How to complete this task:
Since the copy must hold text only, transcribe the data below exactly and omit the images.

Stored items
•••••
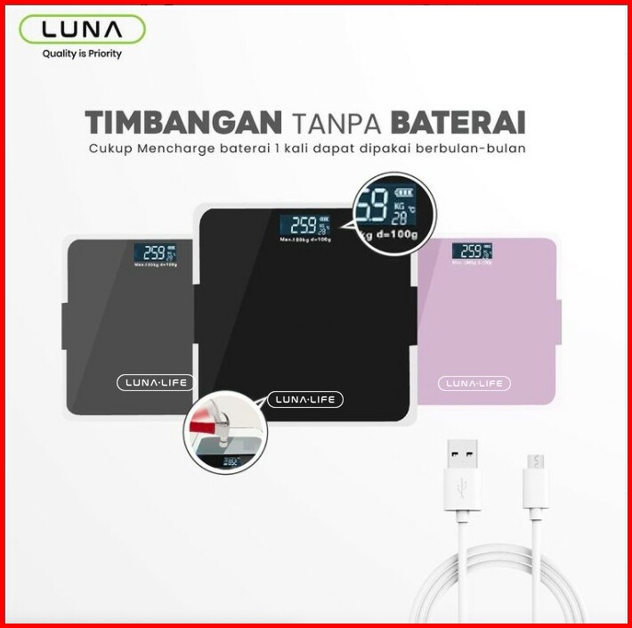 Luna Timbangan Badan Digital With Usb Charging Anti Pecah Weight Body
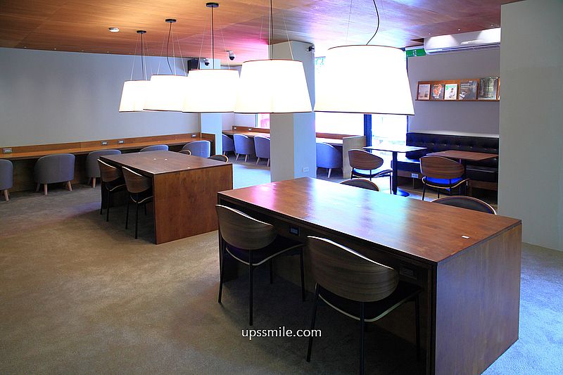 特別用玻璃門區分另一讀書與閱讀空間,裡頭規劃一人150元可享用整天,附贈一杯美式飲品無限暢飲喝到飽,分成兩區空間,裡頭與外頭,人都可互看,畢竟是大片落地窗,採光通透感好,很明亮,少了陰暗感。
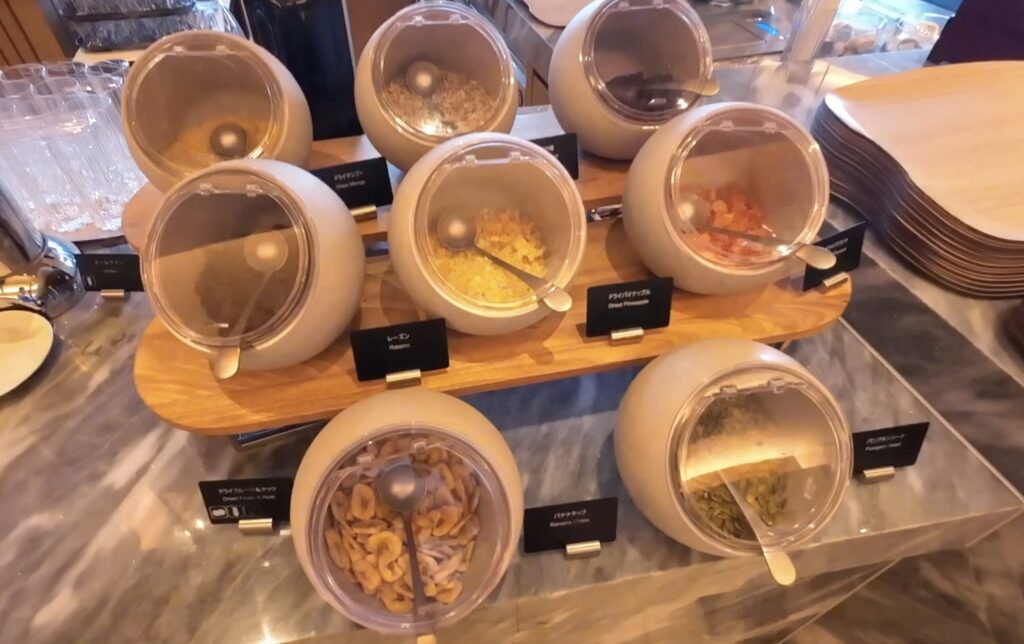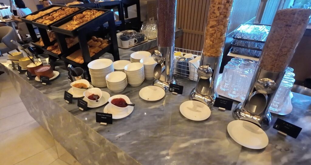 先にラウンジの朝食をご紹介し、後ほど朝食会場の「アジュール」をご紹介します。
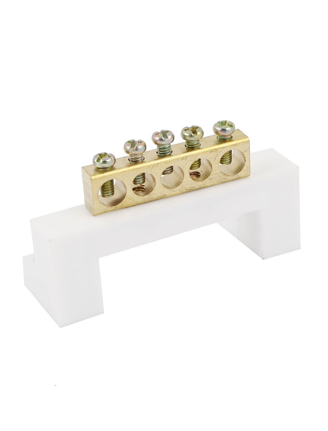 Product Name Barrier Terminal Block Power 400V 20A Material Metal,Plastic Color Bronze Tone,White Type 5 Positions Install Hole Diameter 6mm/ 0.24" Size 73 x 40 x 26mm/ 2.9" x 1.6" x 1" (L*W*H) Weight 174g Package Content 5 x Barrier Terminal Block - Reviews
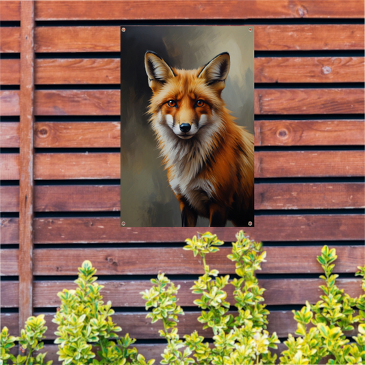 Intense Oogopslag van een Kleurrijke Vos tuinposter
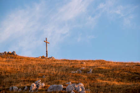 Religious Cross on the mountain at sunset. Landscape with flowers and a cross.
•••••
Output below:
 Luna Timbangan Badan Digital With Usb Charging Anti Pecah Weight Body
 特別用玻璃門區分另一讀書與閱讀空間,裡頭規劃一人150元可享用整天,附贈一杯美式飲品無限暢飲喝到飽,分成兩區空間,裡頭與外頭,人都可互看,畢竟是大片落地窗,採光通透感好,很明亮,少了陰暗感。
 先にラウンジの朝食をご紹介し、後ほど朝食会場の「アジュール」をご紹介します。
 Product Name Barrier Terminal Block Power 400V 20A Material Metal,Plastic Color Bronze Tone,White Type 5 Positions Install Hole Diameter 6mm/ 0.24" Size 73 x 40 x 26mm/ 2.9" x 1.6" x 1" (L*W*H) Weight 174g Package Content 5 x Barrier Terminal Block - Reviews
 Intense Oogopslag van een Kleurrijke Vos tuinposter
 Religious Cross on the mountain at sunset. Landscape with flowers and a cross.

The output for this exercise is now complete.